##Advance Lane Finding
Highlights of this project:
- Compute the camera calibration matrix and distortion coefficients given a set of chessboard images.
- Apply a distortion correction to raw images.
- Use color transforms, gradients, etc., to create a thresholded binary image.
- Apply a perspective transform to rectify binary image ("birds-eye view").
- Detect lane pixels and fit to find the lane boundary.
- Determine the curvature of the lane and vehicle position with respect to center.
- Warp the detected lane boundaries back onto the original image.
- Output visual display of the lane boundaries and numerical estimation of lane curvature and vehicle position.
###Camera Calibration
####1. Camera intrinsic matrix and distortion coefficients.
The OpenCV checkerboard calibration program is based on Professor Z. Zhang's paper "Z. Zhang. "A flexible new technique for camera calibration".".
Calibration process calculates intrinsics (camera 3D coordinates to image 2D coordinates using pinhole camera model) and extrinsics (Rotation R and Translation T from world 3D coordinates to camera 3D coordinates). Mathoworks explanation page on this.
OpenCV implementation source code can be found here. The OpenCV implementation involves non-linear optimization, such as Levenberg-Marquardt method, as it is a non-linear model, such as the distortion models.
The code for this step is contained in lines 18 through 71 of file camera_cal.py.

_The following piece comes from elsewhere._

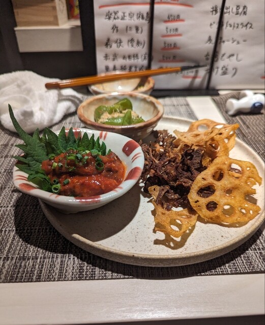 激レアサーモンフライ 980円 おばんざいちょこっと3種 690円 おちょこのポテトサラダ、茄子の焼き煮浸し、生ダコぴり辛チャンジャ じゃこおちょこ丼 390円 エビマヨ ... 詳細を見る

I start by preparing "object points", which will be the (x, y, z) coordinates of the chessboard corners in the world. Here I am assuming the chessboard is fixed on the (x, y) plane at z=0, such that the object points are the same for each calibration image. Thus, objp
is just a replicated array of coordinates, and objpoints
will be appended with a copy of it every time I successfully detect all chessboard corners in a test image. imgpoints
will be appended with the (x, y) pixel position of each of the corners in the image plane with each successful chessboard detection.
I then used the output objpoints
and imgpoints
to compute the camera calibration and distortion coefficients using the cv2.calibrateCamera()
function. I applied this distortion correction to the test image using the cv2.undistort()
function and obtained this result.
Draw the "world coordinates axises" on one of the checkerboard image.
...
# OpenCV API returns:
# mtx (intrinsic matrix), dist (distortion parameters),
# rvecs (Rodriguez vector), tvecs (Translation vector)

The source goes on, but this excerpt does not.